There were three major issues on which I spent the “other 90%” of the time on this though - perhaps this blog post and my upstream bug reports help other people to avoid the same traps:

  • Frame handling: Cockpit is built around the concept of iframes, with each frame representing an “application” on your “server Linux session”. To make an assertion or run a query in an iframe, you need to “drill through” into the desired iframe from the root page DOM. I started with a na├»ve JavaScript-only solution:

    if (current_frame)
      frame_doc = document.querySelector(`iframe[name="${current_frame}"]`).contentDocument.documentElement;
      frame_doc = document;

    and then do queries on frame_doc. This actually works well for all but one of our tests which checks embedding a Cockpit page into a custom HTML page. Then this approach (rightfully) fails due to browser’s Same-origin Policy.

    So I went ahead and implemented a solution using the DevTools “mirror” DOM and API. It took me three different attemps to get that right, and in that regard the API documentation nor a Google search were particularly instructive. This is an area where the protocol really could be improved. I posted my solution and a few suggestions to devtools-protocol issue #72.

  • SSL client certs: Our OpenShift tests kept failing when the OAuth page came up, but only when using Headless mode. I initially thought this was due to the OAuth server having an invalid SSL certificate, as the initial error message suggests something like that. But all approaches with --ignore-certificate-errors or a more elaborate usage of the Security API or even actually installing the OAuth server’s certificate didn’t work - quite frustrating.

    It finally helped to enable a third kind of logs (besides console messages and --enable-logging --v=1) which finally revealed what it was complaining about: OAuth was sending a request for presenting a client-side SSL certificate, and this just causes Chromium Headless to throw its hands into the air. As there is no workaround with Chromium Headless, I had to bite the bullet and install the full graphical Chromium (plus half a metric ton of X/mesa dependencies) and Xvfb into our test containers, plus write the logic to bring these up and down in an orderly and parallel fashion.

  • Silently broken pushState API: One of our tests was reproducibly failing on the infrastructure, and only sometimes locally; the screenshot shows that it clearly was on the wrong page, although the previous navigation requests caused no error. Single-stepping through them also worked. Peter and I have spent about three days debugging this and figuring out why adding a simple sleep(3) at a random place in the test made the test to succeed.

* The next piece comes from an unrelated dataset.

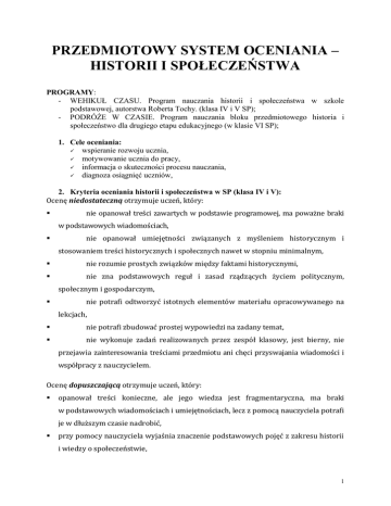 PRZEDMIOTOWY SYSTEM OCENIANIA – HISTORII I SPOŁECZEŃSTWA PROGRAMY: - WEHIKUŁ CZASU. Program nauczania historii i społeczeństwa w szkole podstawowej, autorstwa Roberta Tochy. (klasa IV i V SP); - PODRÓŻE W CZASIE. Program nauczania bloku przedmiotowego historia i społeczeństwo dla drugiego etapu edukacyjnego (w klasie VI SP); 1. Cele oceniania: wspieranie rozwoju ucznia, motywowanie ucznia do pracy, informacja o skuteczności procesu nauczania, diagnoza osiągnięć uczniów, 2. Kryteria oceniania historii i społeczeństwa w SP (klasa IV i V): Ocenę niedostateczną otrzymuje uczeń, który: nie opanował treści zawartych w podstawie programowej, ma poważne braki w podstawowych wiadomościach, nie opanował umiejętności związanych z myśleniem historycznym i stosowaniem treści historycznych i społecznych nawet w stopniu minimalnym, nie rozumie prostych związków między faktami historycznymi, nie zna podstawowych reguł i zasad rządzących życiem politycznym, społecznym i gospodarczym, nie potrafi odtworzyć istotnych elementów materiału opracowywanego na lekcjach, nie potrafi zbudować prostej wypowiedzi na zadany temat, nie wykonuje zadań realizowanych przez zespół klasowy, jest bierny, nie przejawia zainteresowania treściami przedmiotu ani chęci przyswajania wiadomości i współpracy z nauczycielem. Ocenę dopuszczającą otrzymuje uczeń, który: opanował treści konieczne, ale jego wiedza jest fragmentaryczna, ma braki w podstawowych wiadomościach i umiejętnościach, lecz z pomocą nauczyciela potrafi je w dłuższym czasie nadrobić, przy pomocy nauczyciela wyjaśnia znaczenie podstawowych pojęć z zakresu historii i wiedzy o społeczeństwie, 1 zna główne postacie historyczne, zna prosty podział źródeł historycznych, rozumie prosty tekst źródłowy, ma ogólną orientację w posługiwaniu się osią czasu, przyporządkowuje datę wiekowi, zna daty roczne przełomowych wydarzeń, odczytuje podstawowe dane kartograficzne, wskazuje na mapie wybrane państwa i regiony, umie nazwać poznane epoki oraz przedstawić ich ramy chronologiczne, okazuje szacunek symbolom państwowym, zachowuje się godnie w czasie obchodów świąt i uroczystości państwowych, zna podstawowe dokumenty prawne regulujące życie społeczeństwa i państwa, dostrzega i rozpoznaje podstawowe reguły i procedury demokratyczne w państwie, zna rodzaje potrzeb człowieka, wymienia poznane grupy społeczne, posługuje się podręcznikiem, wykonuje typowe zadania teoretyczne i praktyczne o niewielkim stopniu trudności, ma trudności ze zbudowaniem poprawnej wypowiedzi, zachowuje na lekcji bierną postawę, ale wykazuje chęć współpracy i, odpowiednio motywowany, jest w stanie przy pomocy nauczyciela wykonać proste polecenia. Ocenę dostateczną otrzymuje uczeń, który: posiada kompetencje określone na ocenę dopuszczającą, opanował minimum wiadomości i umiejętności przewidzianych w podstawie programowej, z niewielkimi trudnościami posługuje się terminologią poznaną na lekcjach, dostrzega podstawowe związki przyczynowo-skutkowe pomiędzy faktami historycznymi, wyciąga proste wnioski z otrzymanych informacji, dostrzega rolę głównych postaci historycznych w ważnych wydarzeniach, rozróżnia podstawowe typy źródeł informacji historycznej, pod kierunkiem nauczyciela gromadzi, porządkuje i wykorzystuje informacje z różnych źródeł, podejmuje próby analizy i interpretacji tekstu źródłowego, 2 z niewielką pomocą nauczyciela umiejscawia wydarzenia w czasie (taśma chronologiczna), szereguje poznane wydarzenia w czasie, z niewielką pomocą nauczyciela umiejscawia wydarzenia w przestrzeni (mapa), podaje podstawowe cechy odróżniające epoki: starożytną, średniowieczną i nowożytną, wskazuje główne elementy tradycji starożytnej w życiu współczesnym, rozpoznaje własne prawa i obowiązki w życiu rodzinnym, dokonuje prostej charakterystyki regionu, w którym mieszka, podaje podstawowe informacje na temat państwa i sposobu jego funkcjonowania, przedstawia najważniejsze informacje dotyczące życia politycznego i społecznego w Polsce, zna i potrafi zastosować podstawowe procedury demokratyczne w klasie i szkole, wymienia poznane prawa człowieka, obywatela i dziecka, samodzielnie pracuje z podręcznikiem, wykonuje proste zadania pisemne, poprawia popełnione błędy merytoryczne, formułuje krótkie i proste wypowiedzi na zadany temat, formułuje ogólne opinie, wykazuje niewielką aktywność na lekcjach, ale współpracuje z grupą podczas realizacji zadań, wykazuje postawę tolerancji oraz poszanowania dla cudzych poglądów, posługuje się mediami elektronicznymi. Ocenę dobrą otrzymuje uczeń, który: posiada kompetencje określone na oceny dopuszczającą i dostateczną, opanował w niepełnym stopniu wiadomości i umiejętności ujęte w podstawie programowej, prawidłowo posługuje się terminologią historyczną, porównuje wydarzenia z przeszłości, dostrzega złożoność związków przyczynowo-skutkowych między wydarzeniami, samodzielnie wyciąga ogólne wnioski, charakteryzuje dokonania ważnych postaci historycznych, 3 samodzielnie gromadzi, porządkuje i wykorzystuje informacje z różnych źródeł, analizuje i interpretuje teksty źródłowe z niewielką pomocą nauczyciela, wykonuje wszystkie rodzaje ćwiczeń związane z orientacją w czasie, dobrze posługuje się mapą historyczną i planem, poprawnie odczytuje zawarte w nich informacje, umie krótko scharakteryzować poznane epoki, wskazuje elementy tradycji wszystkich epok w życiu współczesnym, zna różne systemy organizacji społeczeństw i państw, charakteryzuje główne problemy życia politycznego i społecznego małej ojczyzny i państwa, wie, co należy robić, gdy jego prawa jako człowieka, dziecka lub ucznia są łamane, rozwiązuje typowe problemy z wykorzystaniem informacji z różnych źródeł, inspirowany przez nauczyciela potrafi rozwiąza

    It turned out that a few months ago the window.history.pushState() method changed behaviour: When there are too many calls to it (> 50 in 10 seconds) it ignores the function call, without returning or logging an error. This was by far the most frustrating and biggest time-sink, but after finally discovering it, we had a good justification why a static sleep() is actually warranted in this case. (Related upstream bug reports: #794923 and #769592)

After figuring all that out, the final patch turned out to be reasonably small and readable. Most of the commits are minor test adjustments which weren’t possible to implement exactly as before in the API. Of course this got preceded with half a dozen preparatory commits, to adjust dependencies in containers, fix test races, and the like.

Now that this is landed, we could clean up a bunch of PhantomJS related hacks, it is now possile to write tests for the mobile navigation, and we can now also test ES6 code (such as welder-web). Debugging tests is much more fun now as you can run them on an interactive graphical browser, to see widgets and pages flying around and interactively mess around or inspect them.